Players are never traded for equal value, but a superstar is a superstar. King couldn't convince anyone into giving up a young, promising player for AI. Ellis, Livingston, Jefferson.. someone along the lines of that.


----------



## mjm1 (Aug 22, 2005)

Chan said:


> Players are never traded for equal value, but a superstar is a superstar. King couldn't convince anyone into giving up a young, promising player for AI. Ellis, Livingston, Jefferson.. someone along the lines of that.


you just proved coatsvillian's point, this was the best deal King could have HOPED for. Anyone thinking that they could have done significantly better is delusional.


----------



## Coatesvillain (Jul 17, 2002)

Chan said:


> Players are never traded for equal value, but a superstar is a superstar. King couldn't convince anyone into giving up a young, promising player for AI. Ellis, Livingston, Jefferson.. someone along the lines of that.


If any of those guys were on the table, the deal would've been made. Even though I have no faith in Billy King, I know that is the case.

What he got in return was an expiring contract in Smith, two #1s, and a tradeable commodity in Andre Miller. Great trade? Not at all, but it's better than I would've expected considering the circumstances.


----------



## BEEZ (Jun 12, 2002)

Chan said:


> Players are never traded for equal value, but a superstar is a superstar. King couldn't convince anyone into giving up a young, promising player for AI. Ellis, Livingston, Jefferson.. someone along the lines of that.
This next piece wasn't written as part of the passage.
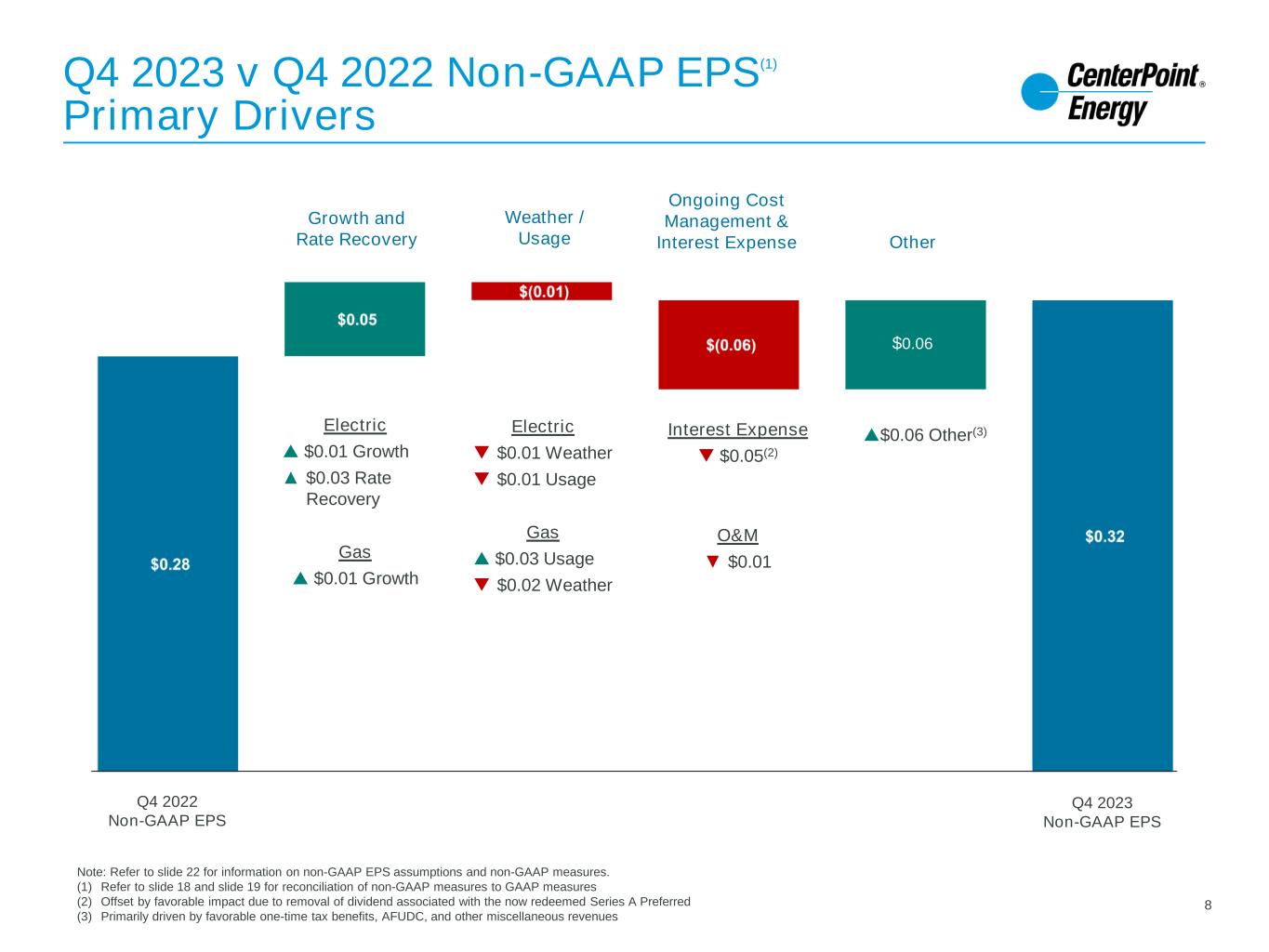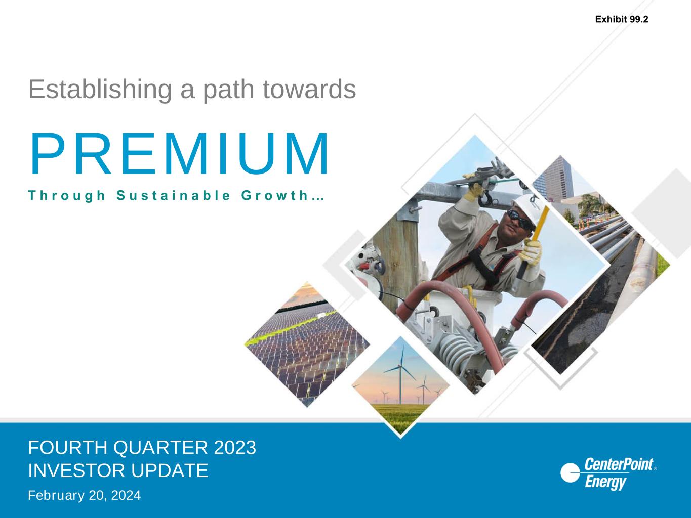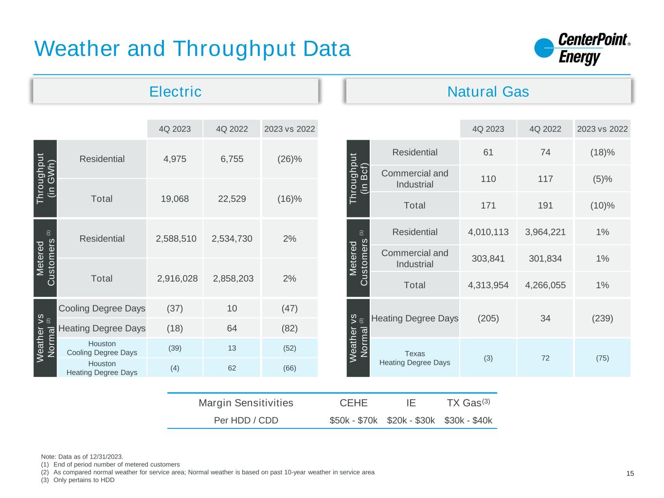 Use of Non-GAAP Financial Measures In this presentation and the oral statements made in connection herewith, CenterPoint Energy presents, based on income available to common shareholders, diluted earnings per share, and net cash provided by operating activities to total debt, net, the following financial measures which are not generally accepted accounting principles (“GAAP”) financial measures: non-GAAP income, non-GAAP earnings per share (“non-GAAP EPS”), as well as non-GAAP funds from operations / non-GAAP rating agency adjusted debt (“FFO/Debt”) which are not generally accepted accounting principles (“GAAP”) financial measures. Generally, a non-GAAP financial measure is a numerical measure of a company’s historical or future financial performance that excludes or includes amounts that are not normally excluded or included in the most directly comparable GAAP financial measure. 2022 and 2023 non-GAAP EPS excluded and 2024 non-GAAP EPS guidance excludes: (a) Earnings or losses from the change in value of ZENS and related securities, (b) (for 2022) Gain and impact, including related expenses, associated with Arkansas and Oklahoma gas LDC sales, (2023 and 2024) associated with the divestiture of Energy Systems Group, LLC, and (2023 and 2024) associated with the Louisiana and Mississippi gas LDC sales, and (c) (for 2022) Income and expense related to ownership and disposal of Energy Transfer common and Series G preferred units, and a corresponding amount of debt related to the units. In providing this guidance, CenterPoint Energy does not consider the items noted above and other potential impacts such as changes in accounting standards, impairments or other unusual items, which could have a material impact on GAAP reported results for the applicable guidance period. The 2024 non-GAAP EPS guidance range also considers assumptions for certain significant variables that may impact earnings, such as customer growth and usage including normal weather, throughput, recovery of capital invested, effective tax rates, financing activities and related interest rates, and regulatory and judicial proceedings. To the extent actual results deviate from these assumptions, the 2024 non-GAAP EPS guidance range may not be met or the projected annual non-GAAP EPS growth rate may change. CenterPoint Energy is unable to present a quantitative reconciliation of forward-looking non-GAAP diluted earnings per share because changes in the value of ZENS and related securities, future impairments, and other unusual items are not estimable and are difficult to predict due to various factors outside of management’s control. Funds from operations excludes from net cash provided by operating activities accounts receivable and unbilled revenues, net, inventory, taxes receivable, accounts payable, and other current assets and liabilities, and includes certain adjustments consistent with Moody’s methodology, including adjustments related to total lease costs (net of lease income), Series A preferred stock dividends, and defined benefit plan contributions (less service costs). Non-GAAP rating agency adjusted debt adds to Total Debt, net certain adjustments consistent with Moody’s methodology, including adjustments related to Winter Storm Uri debt, Series A preferred stock, pension benefit obligations, and operating lease liabilities. The appendix to this presentation contains a reconciliation of income (loss) available to common shareholders and diluted earnings (loss) per share to the basis used in providing guidance, as well as a reconciliation of net cash provided by operating activities / total debt, net to FFO/Debt. Management evaluates the Company’s financial performance in part based on non-GAAP income, non-GAAP EPS and long-term FFO/Debt. Management believes that presenting these non-GAAP financial measures enhances an investor’s understanding of CenterPoint Energy’s overall financial performance by providing them with an additional meaningful and relevant comparison of current and anticipated future results across periods. The adjustments made in these non-GAAP financial measures exclude items that Management believes do not most accurately reflect the Company’s fundamental business performance. These excluded items are reflected in the reconciliation tables, where applicable. CenterPoint Energy’s non-GAAP income, non-GAAP EPS and non-GAAP FFO/Debt financial measures should be considered as a supplement to, and not as a substitute for, or superior to, income available to common shareholders, diluted earnings per share and net cash provided by operating activities to total debt, net which, respectively, are the most directly comparable GAAP financial measures. These non-GAAP financial measures also may be different than non-GAAP financial measures used by other companies. Net Zero Disclaimer Our Scope 1 emissions estimates are calculated from emissions that directly come from our operations. Our Scope 2 emissions estimates are calculated from emissions that indirectly come from our energy usage, but because Texas is in an unregulated market, our Scope 2 estimates do not take into account Texas electric transmission and distribution assets in the line loss calculation and exclude emissions related to purchased power between 2024E-2026E. Our Scope 3 emissions estimates are based on the total natural gas supply delivered to residential and commercial customers as reported in the U.S. Energy Information Administration (EIA) Form EIA-176 reports and do not take into account the emissions of transport customers and emissions related to upstream extraction. While we believe that we have a clear path towards achieving our net zero emissions (Scope 1 and Scope 2) by 2035 goals, our analysis and path forward required us to make a number of assumptions. These goals and underlying assumptions involve risks and uncertainties and are not guarantees. Should one or more of our underlying assumptions

Jefferson isnt that promising to me, but I see where you are coming from


----------



## Gtown07 (Dec 10, 2003)

In response to getting a better deal. They couldve gotten a better deal if they had gotten an expiring contract instead of Andre Miller, which I think could've happened if they just waited on it. Miller will make us more competitive for no reason. We need to lose and get Oden, not win and wind up fighting for a crummy playoff spot each year. So I think we could've gotten a little better deal but what are you going to do, I'm still happy with it. It is very close to the perfect deal. 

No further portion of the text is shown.